• Task statement:
The expected output is the data below, character for character, without its pictures.

• Given information:
══════════════════════════════

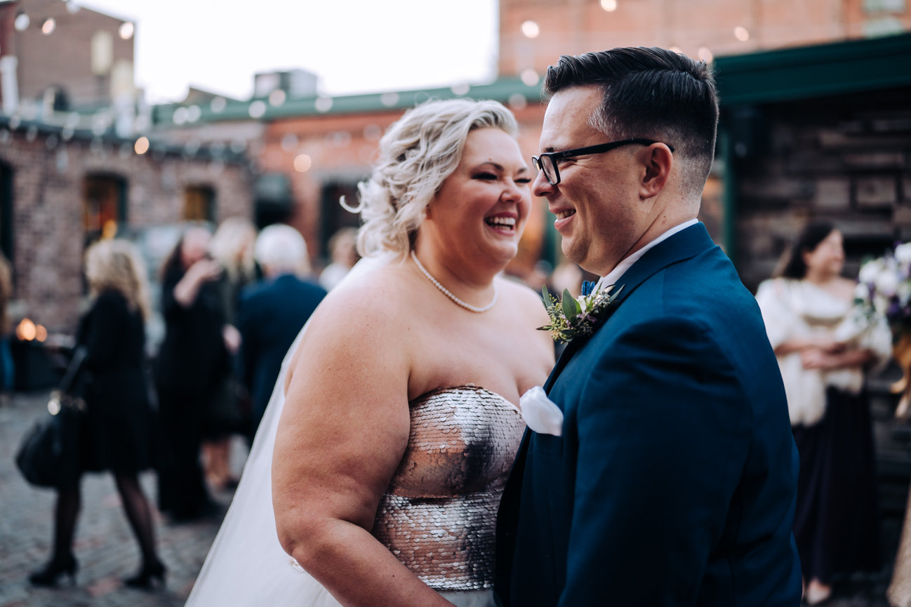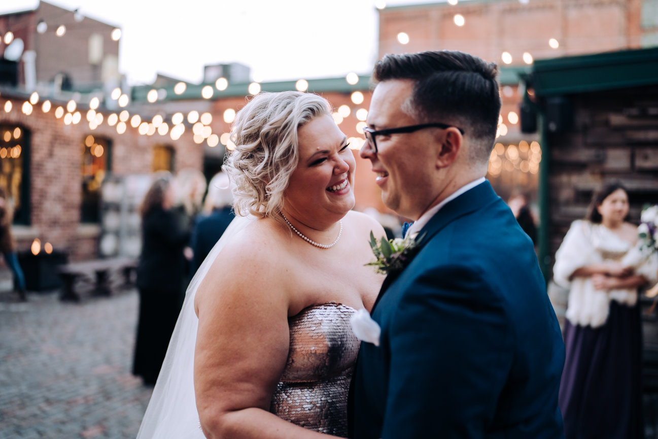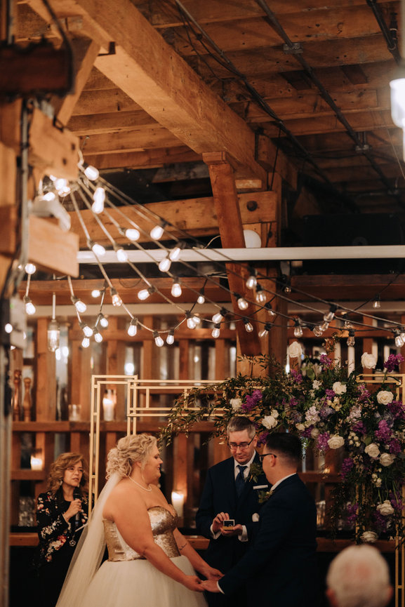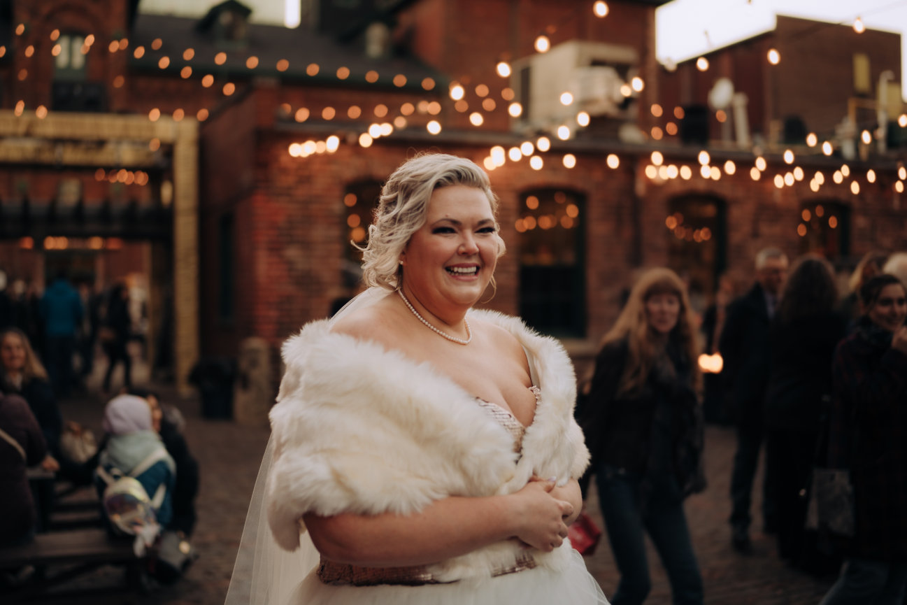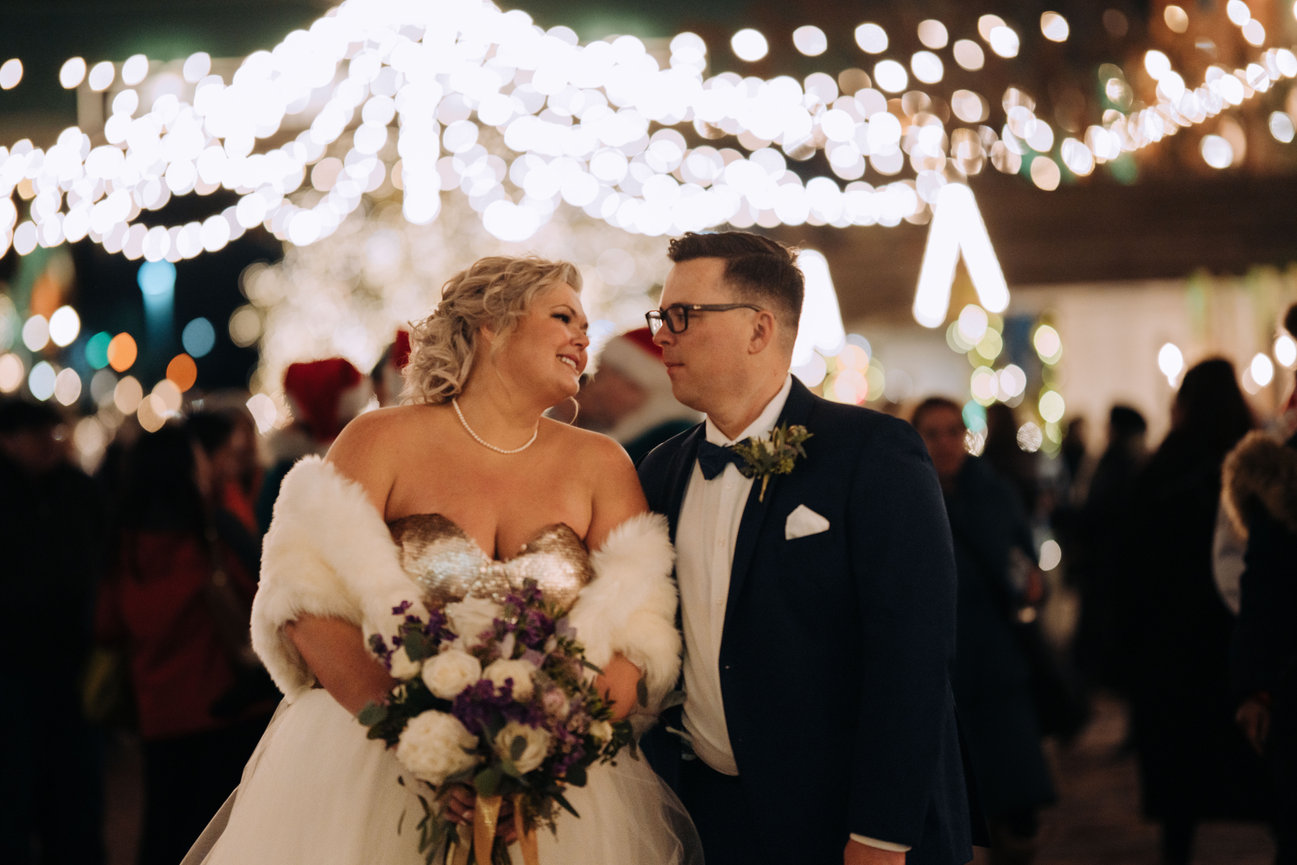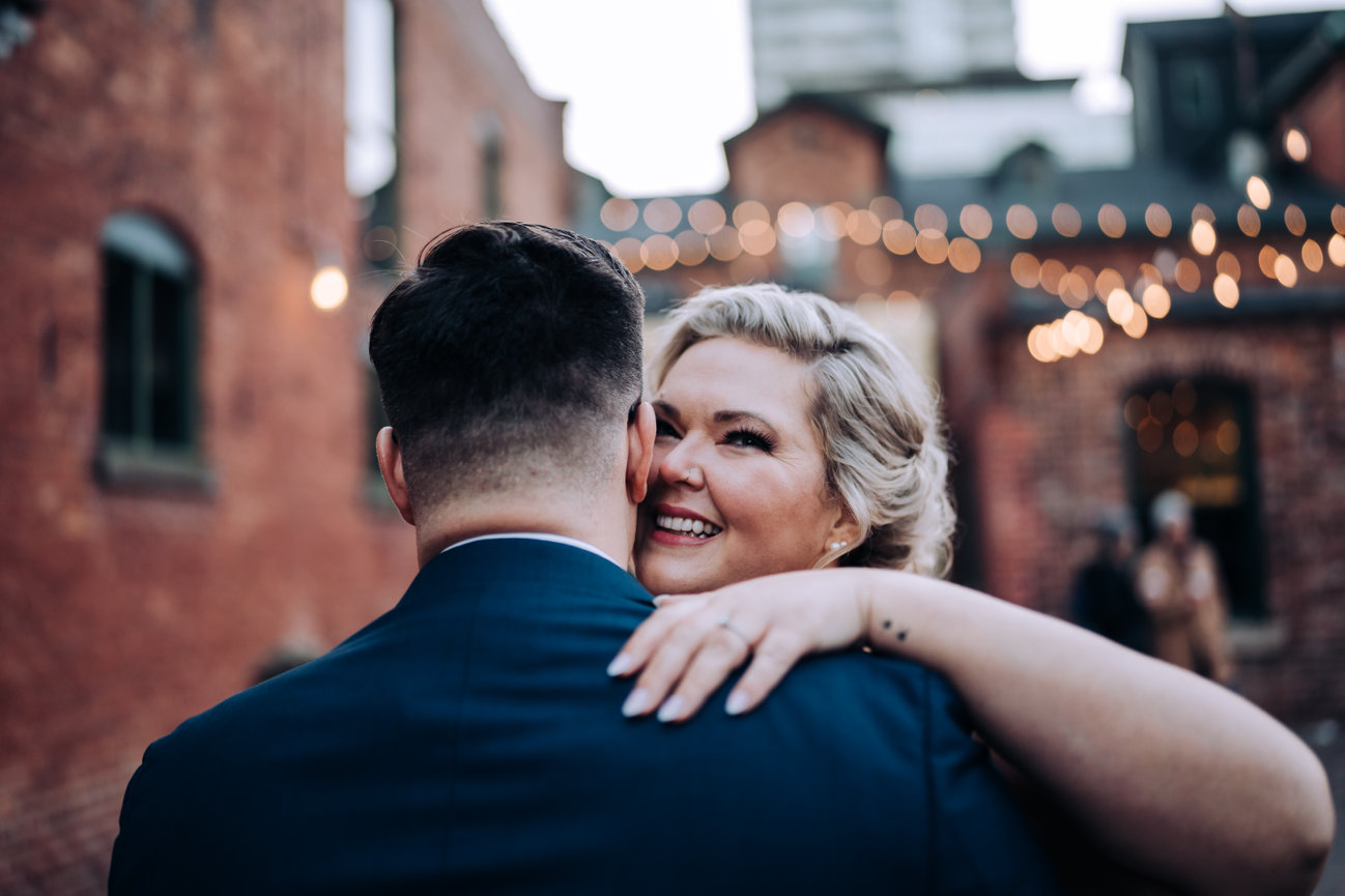 Torontos Distillery district hosts the chic Archeo restaurant and wedding event space. Inside an intimate evening wedding with romantic lighting and beautiful ambiance awaits. Outside a bustling city with voices and lights, hot chocolate and christmas music that fills the night. Here in the middle of the Toronto Christmas market surrounded by their friends and family and in the midsts of thousands of Holiday shoppers, stood two madly in love humans getting married and celebrating their love.
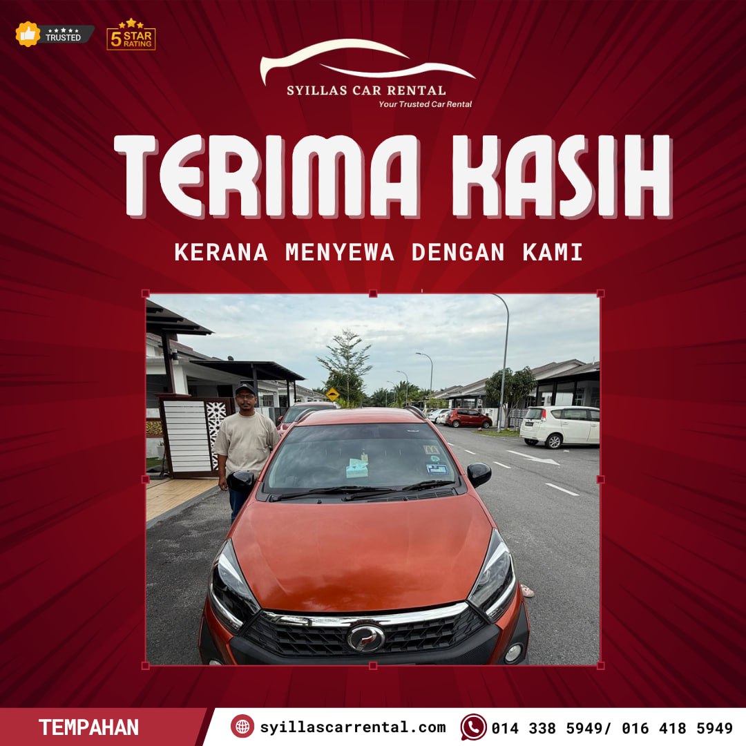 Jom jadikan perjalanan anda lebih mudah dengan Syillas Car Rental! Tempah sekarang dan nikmati perkhidmatan kereta sewa yang berpatutan.
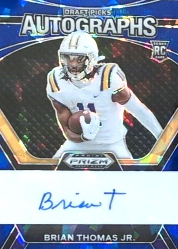2024 Prizm Draft Picks Brian Thomas Jr RC Blue Cracked Ice Auto /75 LSU #DPA-BTJ

══════════════════════════════

• Written solution:
 Torontos Distillery district hosts the chic Archeo restaurant and wedding event space. Inside an intimate evening wedding with romantic lighting and beautiful ambiance awaits. Outside a bustling city with voices and lights, hot chocolate and christmas music that fills the night. Here in the middle of the Toronto Christmas market surrounded by their friends and family and in the midsts of thousands of Holiday shoppers, stood two madly in love humans getting married and celebrating their love.
 Jom jadikan perjalanan anda lebih mudah dengan Syillas Car Rental! Tempah sekarang dan nikmati perkhidmatan kereta sewa yang berpatutan.
2024 Prizm Draft Picks Brian Thomas Jr RC Blue Cracked Ice Auto /75 LSU #DPA-BTJ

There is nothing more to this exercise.